Of all the lines in the material, count those containing the string "from" and write only the resulting number.
__________________________________________________
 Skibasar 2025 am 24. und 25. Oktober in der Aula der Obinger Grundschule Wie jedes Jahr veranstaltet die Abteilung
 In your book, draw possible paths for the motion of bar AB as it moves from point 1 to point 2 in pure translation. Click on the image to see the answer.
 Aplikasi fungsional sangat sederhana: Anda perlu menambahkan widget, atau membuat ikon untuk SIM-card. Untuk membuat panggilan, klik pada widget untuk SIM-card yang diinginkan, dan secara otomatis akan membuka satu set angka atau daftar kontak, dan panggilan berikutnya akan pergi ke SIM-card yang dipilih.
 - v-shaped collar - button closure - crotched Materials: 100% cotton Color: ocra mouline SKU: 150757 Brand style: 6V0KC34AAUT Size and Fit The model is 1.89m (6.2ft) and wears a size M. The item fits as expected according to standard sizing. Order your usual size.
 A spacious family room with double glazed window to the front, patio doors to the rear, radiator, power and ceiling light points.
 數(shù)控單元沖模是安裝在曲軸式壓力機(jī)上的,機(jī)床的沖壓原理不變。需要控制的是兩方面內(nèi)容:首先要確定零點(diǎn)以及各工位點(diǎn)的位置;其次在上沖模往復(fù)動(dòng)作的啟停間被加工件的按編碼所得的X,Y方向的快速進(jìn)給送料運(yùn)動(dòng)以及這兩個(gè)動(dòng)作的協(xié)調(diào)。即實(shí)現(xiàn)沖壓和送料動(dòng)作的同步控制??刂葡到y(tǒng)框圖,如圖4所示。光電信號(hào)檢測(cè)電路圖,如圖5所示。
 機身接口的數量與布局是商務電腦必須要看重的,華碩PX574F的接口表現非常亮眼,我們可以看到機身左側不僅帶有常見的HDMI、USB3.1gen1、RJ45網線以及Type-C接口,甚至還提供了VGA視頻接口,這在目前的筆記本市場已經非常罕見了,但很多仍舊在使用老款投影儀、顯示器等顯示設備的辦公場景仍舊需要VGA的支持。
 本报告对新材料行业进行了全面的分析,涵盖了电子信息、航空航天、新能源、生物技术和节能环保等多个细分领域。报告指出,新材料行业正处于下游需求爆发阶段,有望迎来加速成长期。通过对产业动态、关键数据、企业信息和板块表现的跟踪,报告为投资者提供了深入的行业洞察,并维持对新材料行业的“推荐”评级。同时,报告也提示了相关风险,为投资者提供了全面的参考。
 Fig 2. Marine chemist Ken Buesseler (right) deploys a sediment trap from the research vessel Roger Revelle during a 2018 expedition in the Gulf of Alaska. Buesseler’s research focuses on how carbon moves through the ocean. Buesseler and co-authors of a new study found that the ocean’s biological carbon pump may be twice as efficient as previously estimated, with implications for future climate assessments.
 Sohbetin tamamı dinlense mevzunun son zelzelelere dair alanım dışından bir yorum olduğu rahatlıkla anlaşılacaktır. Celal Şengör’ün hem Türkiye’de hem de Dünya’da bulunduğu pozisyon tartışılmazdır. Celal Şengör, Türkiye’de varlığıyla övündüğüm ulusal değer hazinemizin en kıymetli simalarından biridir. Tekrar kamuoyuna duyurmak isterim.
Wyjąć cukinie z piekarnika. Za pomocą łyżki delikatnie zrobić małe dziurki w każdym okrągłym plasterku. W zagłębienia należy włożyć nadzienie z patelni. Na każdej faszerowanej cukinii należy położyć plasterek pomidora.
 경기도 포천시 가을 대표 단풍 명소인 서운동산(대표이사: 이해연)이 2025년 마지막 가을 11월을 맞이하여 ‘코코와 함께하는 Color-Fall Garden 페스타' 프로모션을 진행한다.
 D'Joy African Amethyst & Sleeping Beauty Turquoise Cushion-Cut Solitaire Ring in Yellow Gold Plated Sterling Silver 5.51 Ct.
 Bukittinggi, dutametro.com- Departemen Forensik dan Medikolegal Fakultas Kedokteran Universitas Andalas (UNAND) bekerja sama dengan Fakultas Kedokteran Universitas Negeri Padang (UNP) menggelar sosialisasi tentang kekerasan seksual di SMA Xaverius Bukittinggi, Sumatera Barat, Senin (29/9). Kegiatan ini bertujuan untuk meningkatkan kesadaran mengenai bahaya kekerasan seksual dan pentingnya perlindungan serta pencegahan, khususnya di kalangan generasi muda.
__________________________________________________
▶ Answer for the task
2